__Your goal__. Would you please copy the entries exactly, leaving every picture aside?

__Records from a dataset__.
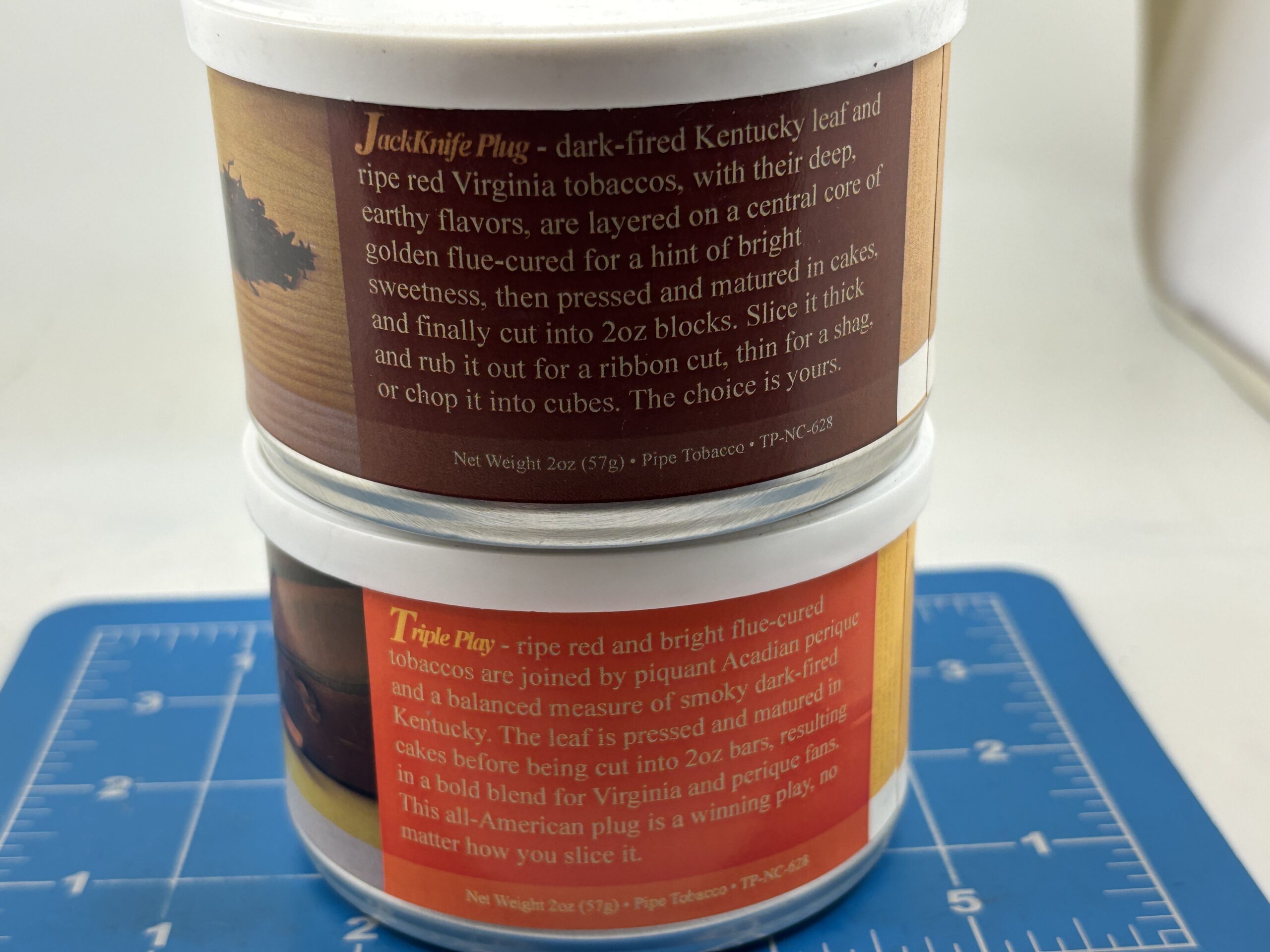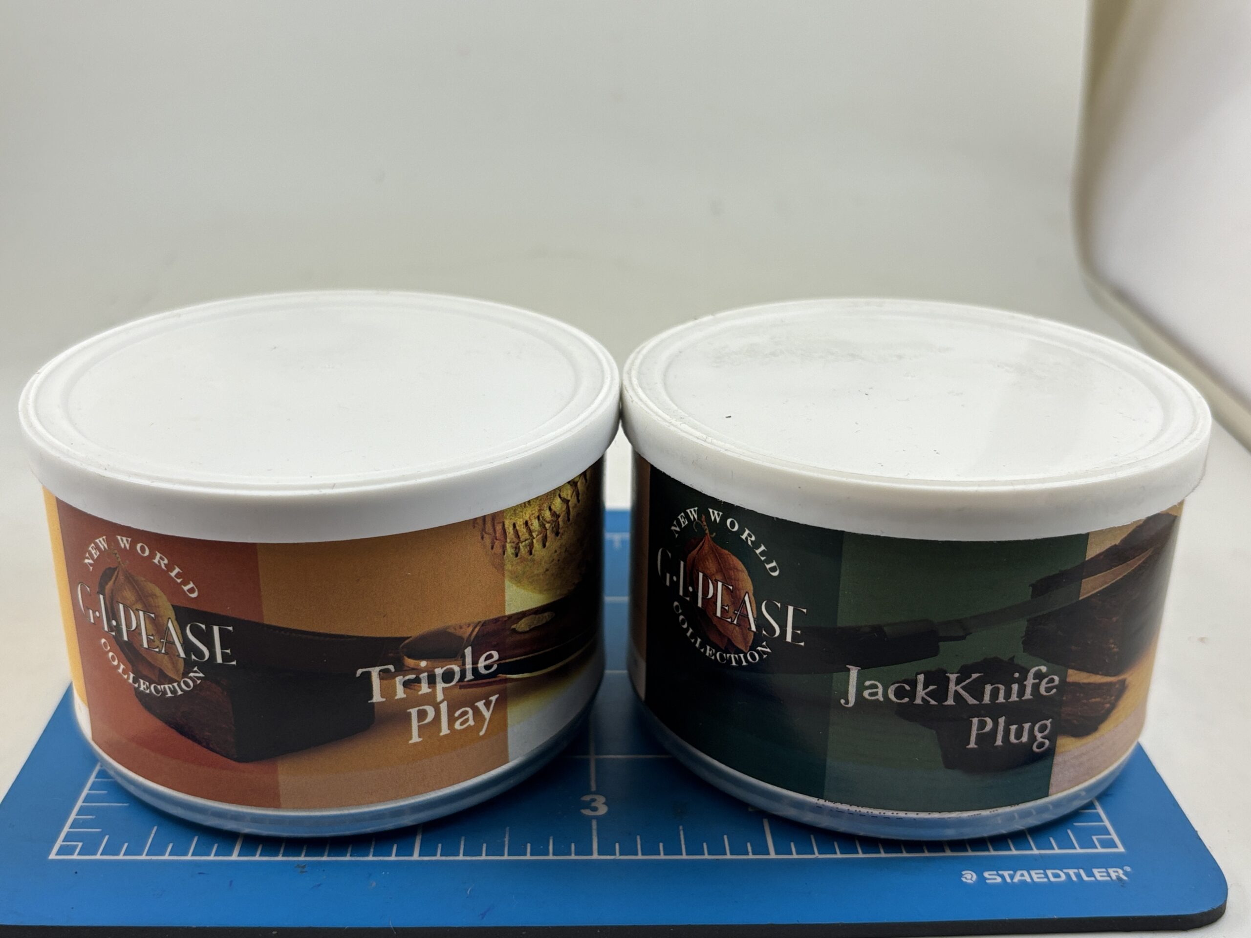 Lot of 2 Very Nice Sealed G.L. Pease 50g. Tobacco Tins - Triple Play & Jack Knife Plug
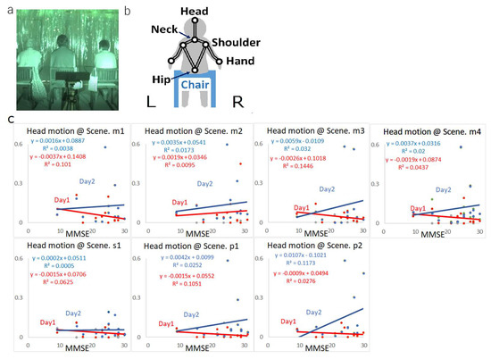 Participant reactions during each of the seven scenes were recorded by video camera (Sony Handycam) without utilizing any wearable sensors to avoid causing any stress to the participants. To analyze each subjects’ representative motion per scene, observers manually focused on the most active fifteen seconds during the scene and obtained the video coordinates of the seven body joints per second by visual identification. This manual tracking method was considered appropriate given that in qualitative pre-observation of the overall video data, each scene was found to have uniform function over the duration. We first checked the validity of the motion data automatically acquired by the Kinect sensors against the data acquired manually. We found that the sitting elderly people move much less than other generation’s, one causing multiple acquisition failures by the Kinect sensors compared to the much more precise manually acquired data. Consequently, we adopted the manual method. To validate the reproducibility of the manual tracking over all the observers, we undertook preliminarily training with the same video data and feedback for each observer’s own difference, to acquire the same coordinate as well as time. The video data were converted into jpeg files and coordinates were measured using TMPGEnc and ImageJ (NIH) software. Next, each joint velocity per second was calculated (Excel, Microsoft). Several sets of video data were used to confirm acceptable inter-rater reliability for the manual measurements. These motion data were normalized by each participant’s sitting height measured from the same video data. Means and standard deviations were screened and data including MMSE and questionnaire scores (explained in
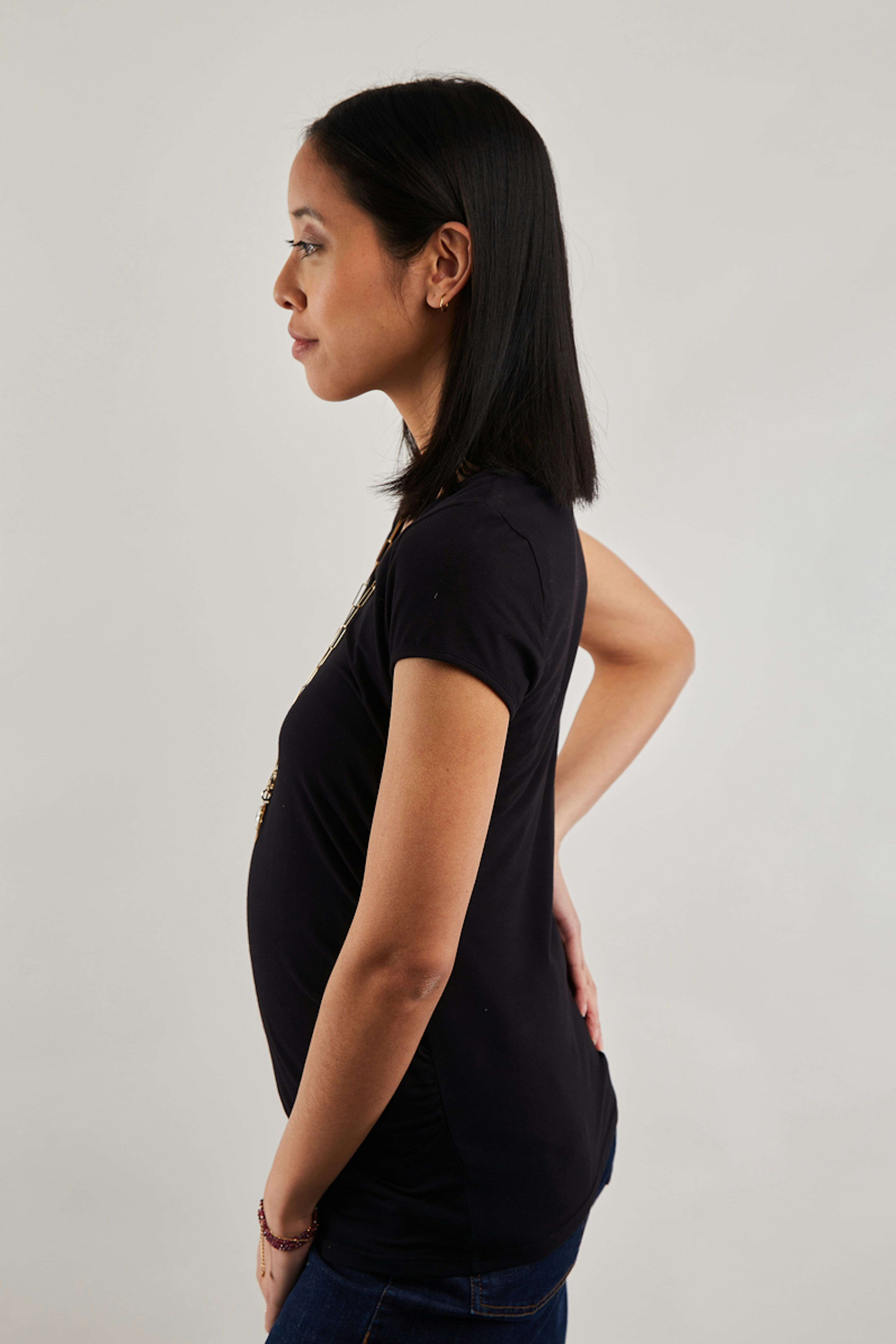 โข Tee-shirt de maternitรฉ Raguel โข Coupe prรจs du corps โข Manches courtes โข Col rond โข Fronces sur les cรดtรฉs pour suivre l'รฉvolution de vos nouvelles courbes de future maman โข Sa tonalitรฉ et sa simplicitรฉ vous autorisent toutes les associations
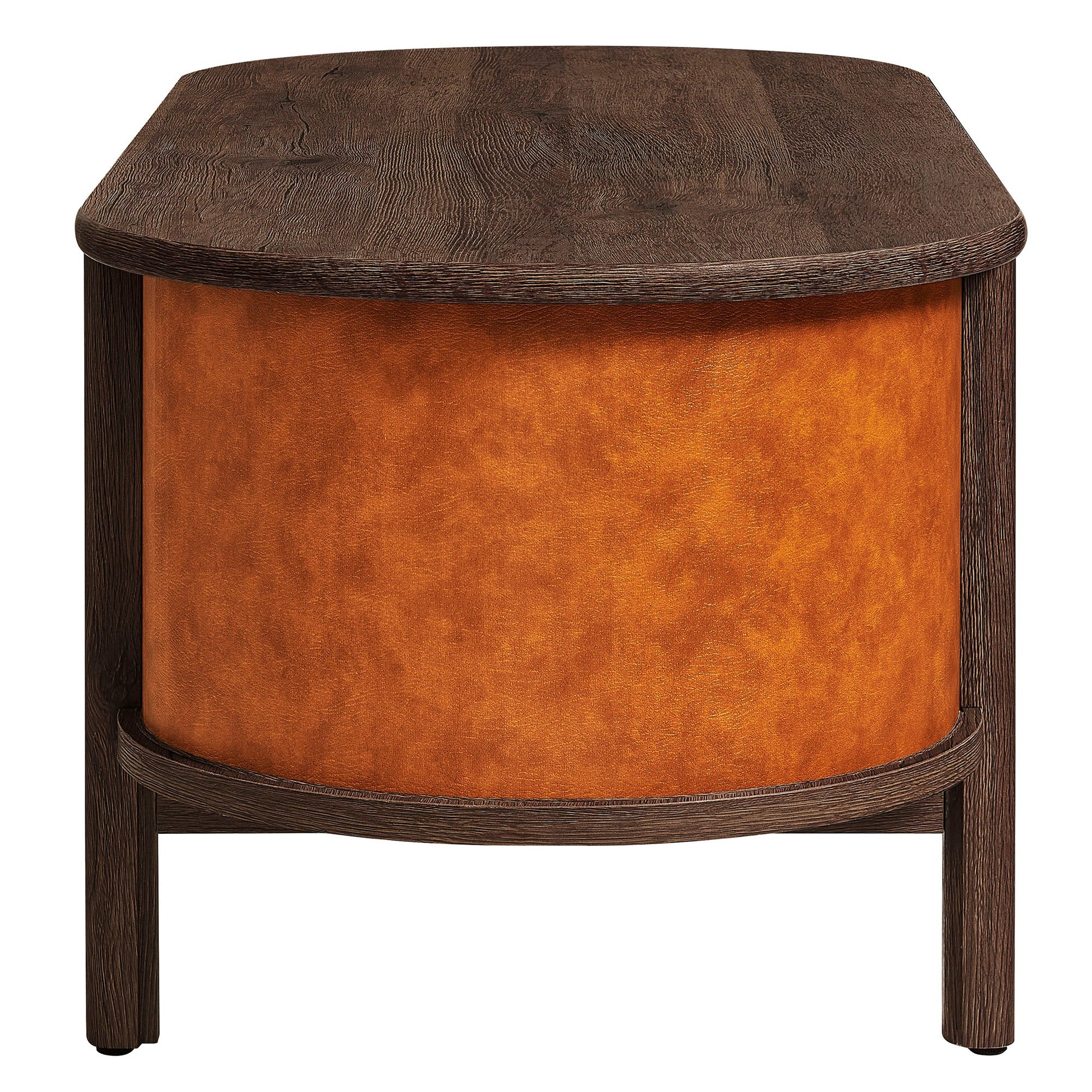 Add vintage character and practical storage to your living room with the Coralie Curved Coffee Table. Wrapped in vegan leather with wood grain laminate, this 45" oval coffee table combines modern craftsmanship with a warm, lived-in aesthetic.
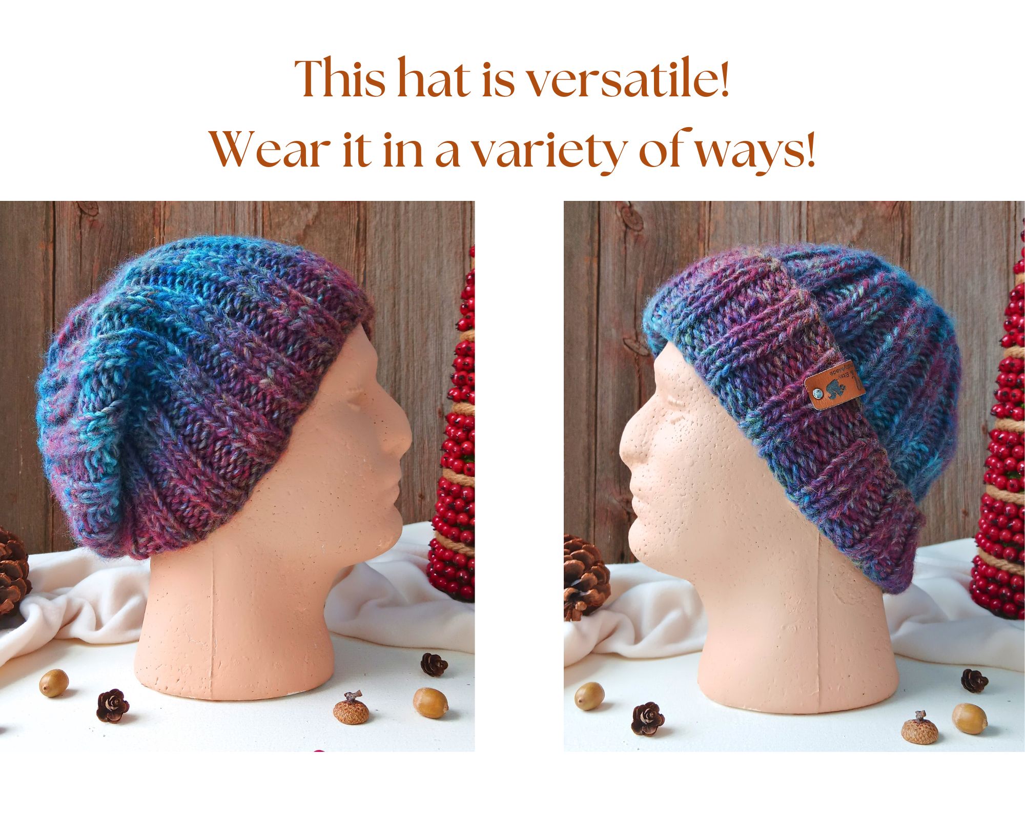 • Cheerful Natural Tones: Rustic ombre blue and purple yarn brings a woodland inspired charm that brightens winter days.
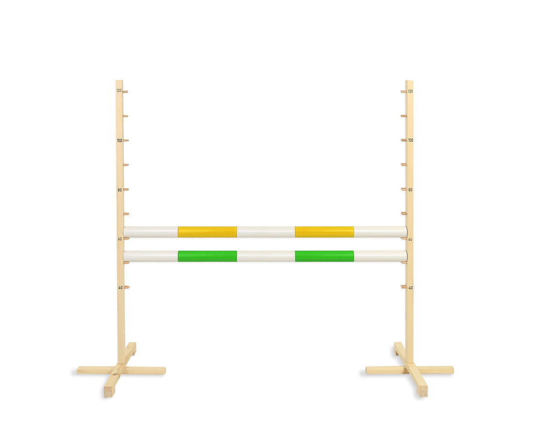 Hinder för hobbyhäst 120 cm med två stänger i gult och grönt Upptäck det roliga...
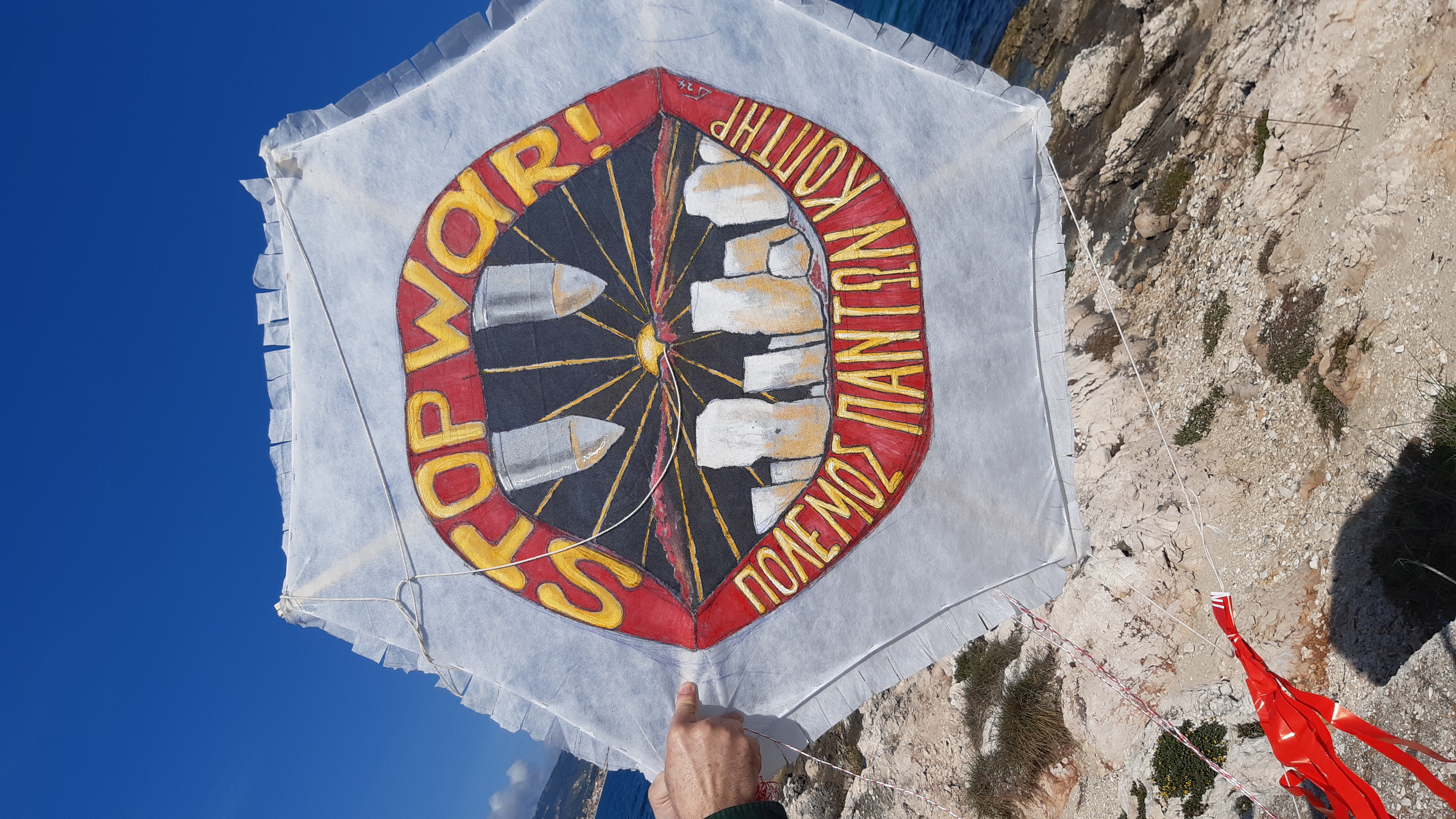 Ούριος ο άνεμος σήμερα για τον χαρταετό του Οδοντιατρικού Συλλόγου Κεφαλληνίας και τις ιδέες που προωθεί. Παραφράζοντας τον Ηράκλειτο («Πόλεμος πάντων πατήρ») και μεταφέροντας σε ανώτερη κλίμακα εικόνες φθοράς, από αυτές που συναντάμε κάποτε κατά την άσκηση των καθηκόντων μας, διακηρύσσουμε την αντίθεσή μας στον πόλεμο. Ο πόλεμος καταστρέφει καθετί ζωντανό και ωραίο και διακόπτει κάθε προοπτική ευημερίας και προόδου. Διατηρούμε την ελπίδα ότι πέρα από τον ορίζοντα της καταστροφής και τους καπνούς του ολέθρου, αχνοφέγγει ήλιος ειρήνης και ευτυχίας, στον οποίο πρέπει να στρέψει τις ελπίδες του κάθε νοήμων άνθρωπος.
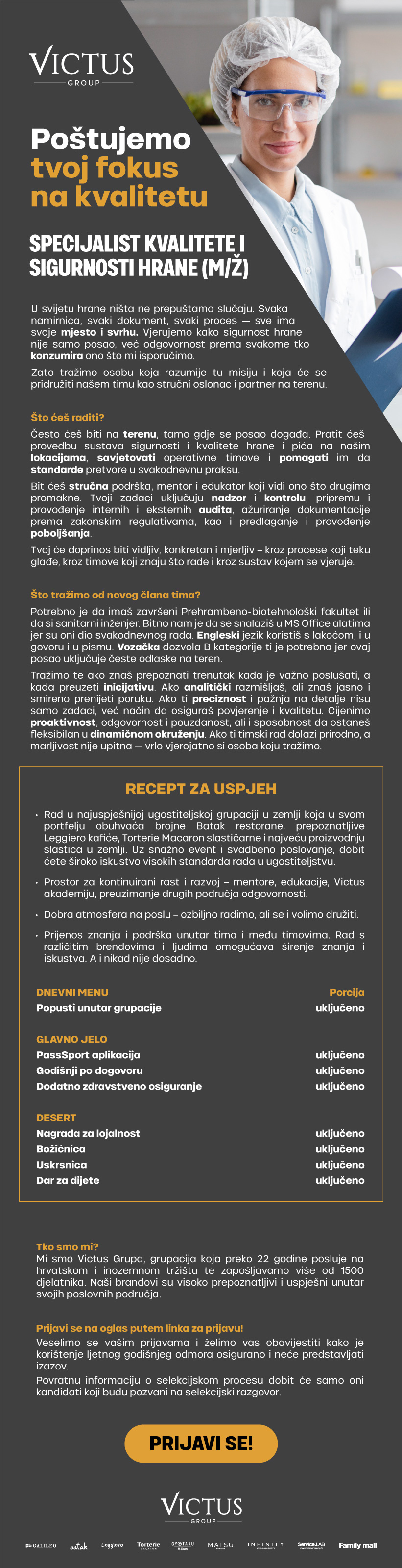 Specijalist kvalitete i sigurnosti hrane (m/ž)
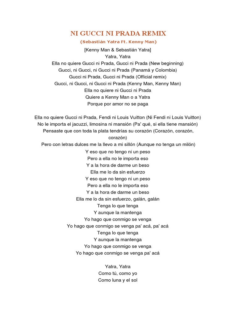 Ella No Quiere Gucci Ni Prada / Kenny man] ella no quiere fendi, ni gucci ni prada a ella no le importa si la busco en un lada contigo está vacía, conmigo se siente amada aunque tú lo tengas to' y yo no pueda darle nada los fines de semana ella me invita a tu jacuzzi la ropa que le compra' es a mí a quien se la.

__Solution__.
 Lot of 2 Very Nice Sealed G.L. Pease 50g. Tobacco Tins - Triple Play & Jack Knife Plug
 Participant reactions during each of the seven scenes were recorded by video camera (Sony Handycam) without utilizing any wearable sensors to avoid causing any stress to the participants. To analyze each subjects’ representative motion per scene, observers manually focused on the most active fifteen seconds during the scene and obtained the video coordinates of the seven body joints per second by visual identification. This manual tracking method was considered appropriate given that in qualitative pre-observation of the overall video data, each scene was found to have uniform function over the duration. We first checked the validity of the motion data automatically acquired by the Kinect sensors against the data acquired manually. We found that the sitting elderly people move much less than other generation’s, one causing multiple acquisition failures by the Kinect sensors compared to the much more precise manually acquired data. Consequently, we adopted the manual method. To validate the reproducibility of the manual tracking over all the observers, we undertook preliminarily training with the same video data and feedback for each observer’s own difference, to acquire the same coordinate as well as time. The video data were converted into jpeg files and coordinates were measured using TMPGEnc and ImageJ (NIH) software. Next, each joint velocity per second was calculated (Excel, Microsoft). Several sets of video data were used to confirm acceptable inter-rater reliability for the manual measurements. These motion data were normalized by each participant’s sitting height measured from the same video data. Means and standard deviations were screened and data including MMSE and questionnaire scores (explained in
 โข Tee-shirt de maternitรฉ Raguel โข Coupe prรจs du corps โข Manches courtes โข Col rond โข Fronces sur les cรดtรฉs pour suivre l'รฉvolution de vos nouvelles courbes de future maman โข Sa tonalitรฉ et sa simplicitรฉ vous autorisent toutes les associations
 Add vintage character and practical storage to your living room with the Coralie Curved Coffee Table. Wrapped in vegan leather with wood grain laminate, this 45" oval coffee table combines modern craftsmanship with a warm, lived-in aesthetic.
 • Cheerful Natural Tones: Rustic ombre blue and purple yarn brings a woodland inspired charm that brightens winter days.
 Hinder för hobbyhäst 120 cm med två stänger i gult och grönt Upptäck det roliga...
 Ούριος ο άνεμος σήμερα για τον χαρταετό του Οδοντιατρικού Συλλόγου Κεφαλληνίας και τις ιδέες που προωθεί. Παραφράζοντας τον Ηράκλειτο («Πόλεμος πάντων πατήρ») και μεταφέροντας σε ανώτερη κλίμακα εικόνες φθοράς, από αυτές που συναντάμε κάποτε κατά την άσκηση των καθηκόντων μας, διακηρύσσουμε την αντίθεσή μας στον πόλεμο. Ο πόλεμος καταστρέφει καθετί ζωντανό και ωραίο και διακόπτει κάθε προοπτική ευημερίας και προόδου. Διατηρούμε την ελπίδα ότι πέρα από τον ορίζοντα της καταστροφής και τους καπνούς του ολέθρου, αχνοφέγγει ήλιος ειρήνης και ευτυχίας, στον οποίο πρέπει να στρέψει τις ελπίδες του κάθε νοήμων άνθρωπος.
 Specijalist kvalitete i sigurnosti hrane (m/ž)
 Ella No Quiere Gucci Ni Prada / Kenny man] ella no quiere fendi, ni gucci ni prada a ella no le importa si la busco en un lada contigo está vacía, conmigo se siente amada aunque tú lo tengas to' y yo no pueda darle nada los fines de semana ella me invita a tu jacuzzi la ropa que le compra' es a mí a quien se la.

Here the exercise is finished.